**EXTRACTED DATA:**
******************************

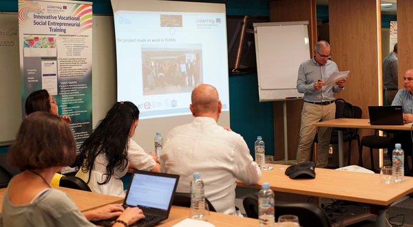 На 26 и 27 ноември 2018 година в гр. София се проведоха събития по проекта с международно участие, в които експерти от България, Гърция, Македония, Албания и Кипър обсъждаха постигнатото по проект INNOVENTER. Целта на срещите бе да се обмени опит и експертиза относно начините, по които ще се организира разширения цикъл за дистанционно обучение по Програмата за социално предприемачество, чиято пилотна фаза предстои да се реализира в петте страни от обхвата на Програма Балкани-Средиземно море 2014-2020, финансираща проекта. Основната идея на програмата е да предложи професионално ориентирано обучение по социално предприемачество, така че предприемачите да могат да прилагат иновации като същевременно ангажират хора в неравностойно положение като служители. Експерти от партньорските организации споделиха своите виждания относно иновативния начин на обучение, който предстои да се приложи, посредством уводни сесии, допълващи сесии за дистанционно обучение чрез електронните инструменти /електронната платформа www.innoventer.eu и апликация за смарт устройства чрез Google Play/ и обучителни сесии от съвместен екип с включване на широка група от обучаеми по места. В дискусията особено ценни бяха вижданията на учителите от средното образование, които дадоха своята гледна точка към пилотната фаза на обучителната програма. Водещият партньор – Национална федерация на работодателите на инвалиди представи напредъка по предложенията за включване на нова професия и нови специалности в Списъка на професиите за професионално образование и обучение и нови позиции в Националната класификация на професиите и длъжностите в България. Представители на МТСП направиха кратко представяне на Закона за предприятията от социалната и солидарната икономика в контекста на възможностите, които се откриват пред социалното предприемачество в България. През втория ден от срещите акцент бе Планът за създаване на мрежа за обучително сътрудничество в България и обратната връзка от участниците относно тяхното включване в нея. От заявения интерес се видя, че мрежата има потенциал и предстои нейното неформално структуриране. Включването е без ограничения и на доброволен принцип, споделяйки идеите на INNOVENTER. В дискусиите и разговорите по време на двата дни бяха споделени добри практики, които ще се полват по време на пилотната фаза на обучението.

******************************

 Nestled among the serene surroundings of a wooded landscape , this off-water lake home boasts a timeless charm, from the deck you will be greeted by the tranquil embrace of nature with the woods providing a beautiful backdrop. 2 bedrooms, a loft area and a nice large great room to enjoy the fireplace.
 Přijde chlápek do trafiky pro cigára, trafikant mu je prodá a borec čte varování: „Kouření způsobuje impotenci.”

******************************

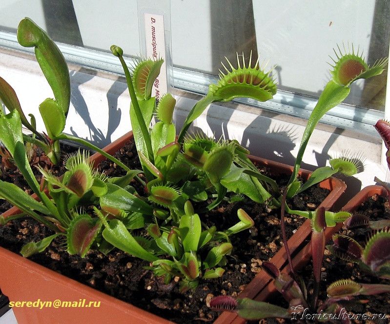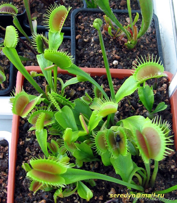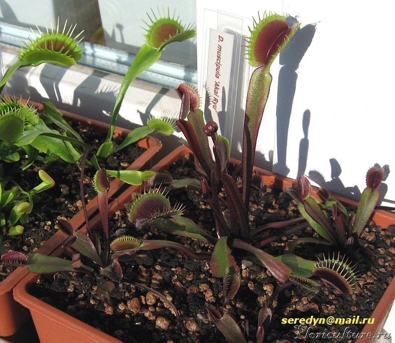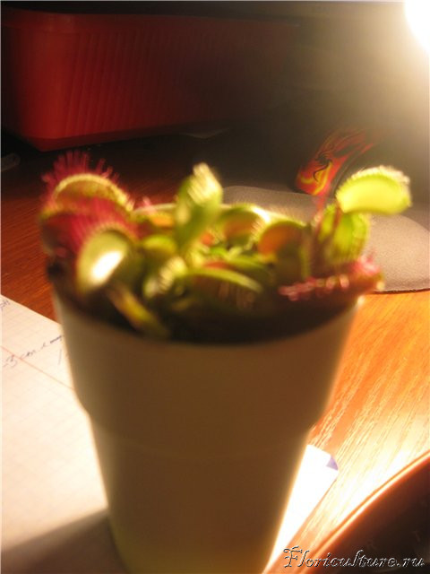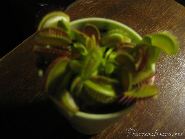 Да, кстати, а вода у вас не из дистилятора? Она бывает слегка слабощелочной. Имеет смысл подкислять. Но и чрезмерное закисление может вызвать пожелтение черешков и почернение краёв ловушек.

******************************

**ACTIVITY:**
Restate word for word the entries above from the line with "Nestled among the" through the line with "Přijde chlápek do", inclusive, leaving out everything else.

**YOUR SOLUTION:**
 Nestled among the serene surroundings of a wooded landscape , this off-water lake home boasts a timeless charm, from the deck you will be greeted by the tranquil embrace of nature with the woods providing a beautiful backdrop. 2 bedrooms, a loft area and a nice large great room to enjoy the fireplace.
 Přijde chlápek do trafiky pro cigára, trafikant mu je prodá a borec čte varování: „Kouření způsobuje impotenci.”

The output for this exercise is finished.